> Material supplied:
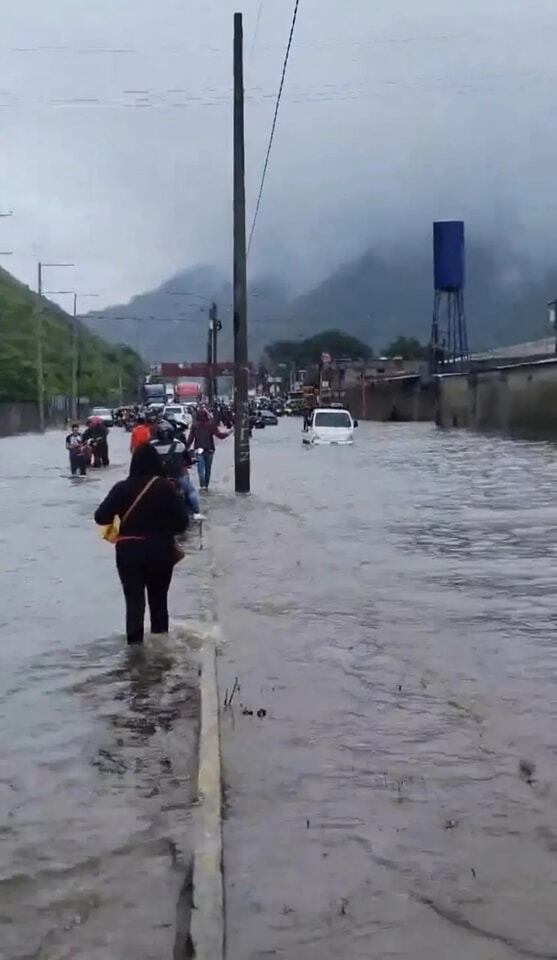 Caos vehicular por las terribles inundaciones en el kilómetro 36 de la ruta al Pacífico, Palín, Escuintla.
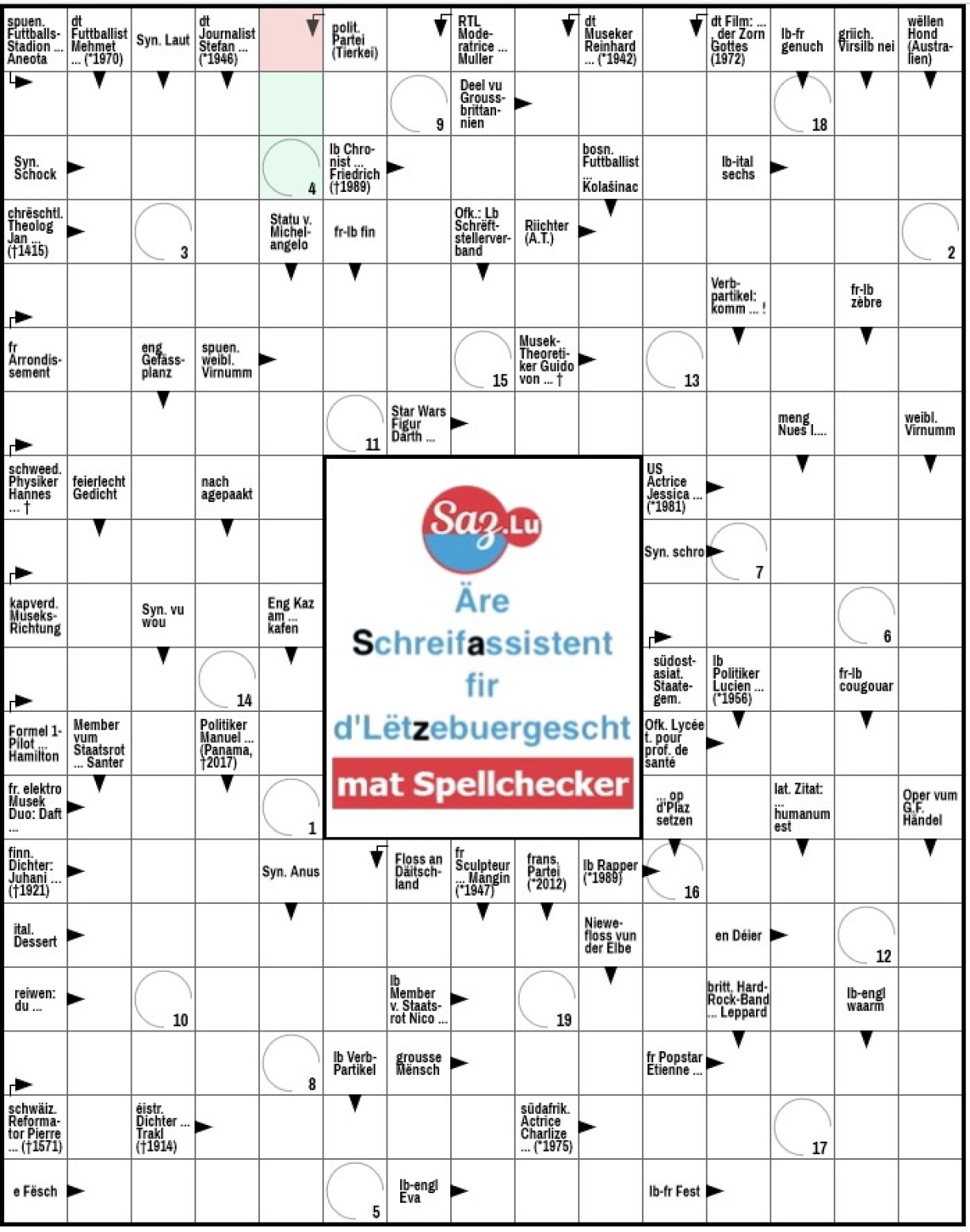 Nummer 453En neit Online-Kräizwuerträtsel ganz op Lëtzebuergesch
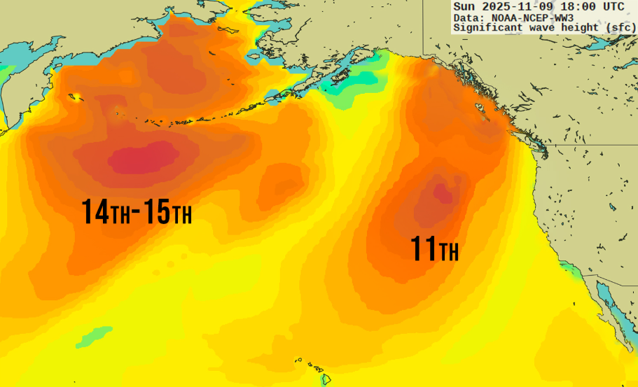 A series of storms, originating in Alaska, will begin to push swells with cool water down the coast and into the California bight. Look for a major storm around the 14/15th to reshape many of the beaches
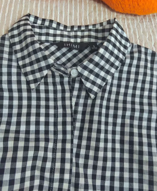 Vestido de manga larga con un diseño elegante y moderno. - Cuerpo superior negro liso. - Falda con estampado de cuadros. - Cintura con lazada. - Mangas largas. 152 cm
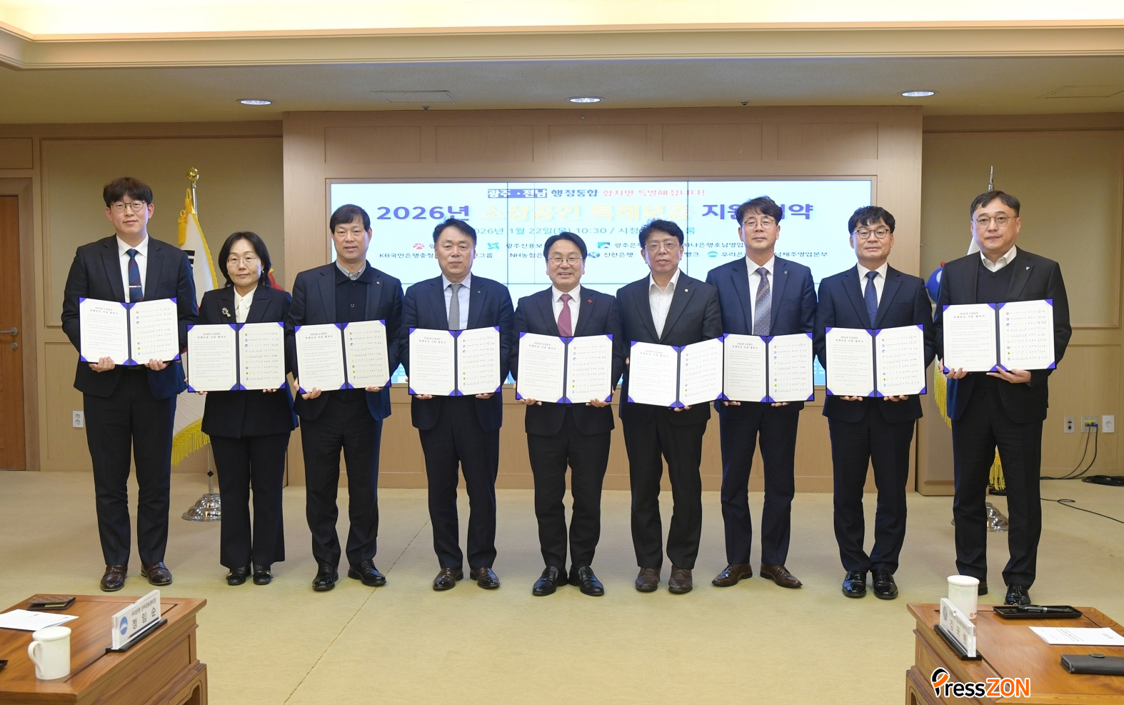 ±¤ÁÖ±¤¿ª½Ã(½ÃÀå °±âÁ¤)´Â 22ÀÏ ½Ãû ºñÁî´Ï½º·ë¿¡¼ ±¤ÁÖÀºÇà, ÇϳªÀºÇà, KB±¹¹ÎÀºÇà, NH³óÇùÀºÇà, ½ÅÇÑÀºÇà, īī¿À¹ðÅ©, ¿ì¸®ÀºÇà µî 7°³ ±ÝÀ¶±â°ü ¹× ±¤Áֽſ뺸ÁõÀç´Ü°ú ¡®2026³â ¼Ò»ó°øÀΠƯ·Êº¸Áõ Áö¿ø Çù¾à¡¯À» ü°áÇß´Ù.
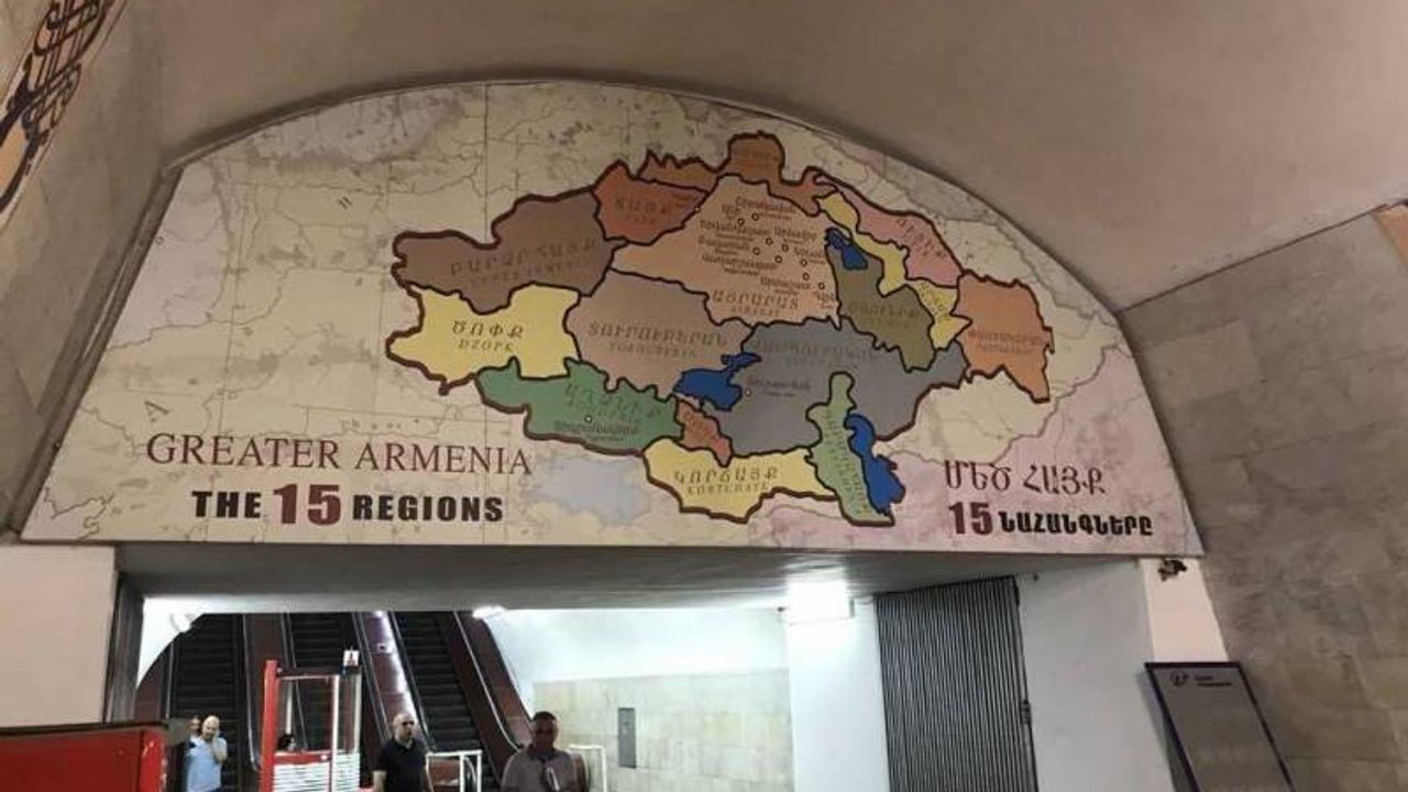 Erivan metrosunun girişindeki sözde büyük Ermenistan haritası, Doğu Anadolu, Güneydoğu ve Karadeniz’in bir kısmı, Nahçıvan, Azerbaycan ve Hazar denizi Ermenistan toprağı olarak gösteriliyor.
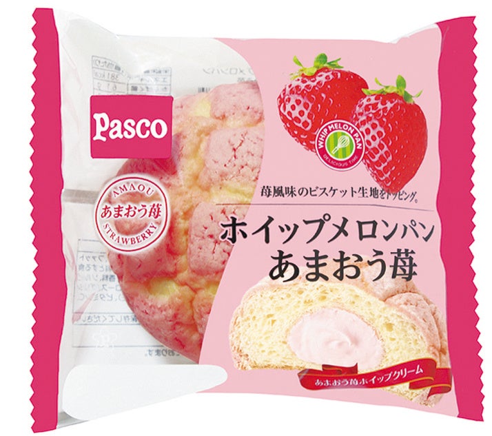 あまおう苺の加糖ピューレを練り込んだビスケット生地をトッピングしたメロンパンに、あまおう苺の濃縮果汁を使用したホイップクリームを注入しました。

> Exercise aim: Working from the line containing "Nummer 453En neit" to the last line of the data, retype every line exactly, both ends included, and leave out all pictures.

> Solved problem:
 Nummer 453En neit Online-Kräizwuerträtsel ganz op Lëtzebuergesch
 A series of storms, originating in Alaska, will begin to push swells with cool water down the coast and into the California bight. Look for a major storm around the 14/15th to reshape many of the beaches
 Vestido de manga larga con un diseño elegante y moderno. - Cuerpo superior negro liso. - Falda con estampado de cuadros. - Cintura con lazada. - Mangas largas. 152 cm
 ±¤ÁÖ±¤¿ª½Ã(½ÃÀå °±âÁ¤)´Â 22ÀÏ ½Ãû ºñÁî´Ï½º·ë¿¡¼ ±¤ÁÖÀºÇà, ÇϳªÀºÇà, KB±¹¹ÎÀºÇà, NH³óÇùÀºÇà, ½ÅÇÑÀºÇà, īī¿À¹ðÅ©, ¿ì¸®ÀºÇà µî 7°³ ±ÝÀ¶±â°ü ¹× ±¤Áֽſ뺸ÁõÀç´Ü°ú ¡®2026³â ¼Ò»ó°øÀΠƯ·Êº¸Áõ Áö¿ø Çù¾à¡¯À» ü°áÇß´Ù.
 Erivan metrosunun girişindeki sözde büyük Ermenistan haritası, Doğu Anadolu, Güneydoğu ve Karadeniz’in bir kısmı, Nahçıvan, Azerbaycan ve Hazar denizi Ermenistan toprağı olarak gösteriliyor.
 あまおう苺の加糖ピューレを練り込んだビスケット生地をトッピングしたメロンパンに、あまおう苺の濃縮果汁を使用したホイップクリームを注入しました。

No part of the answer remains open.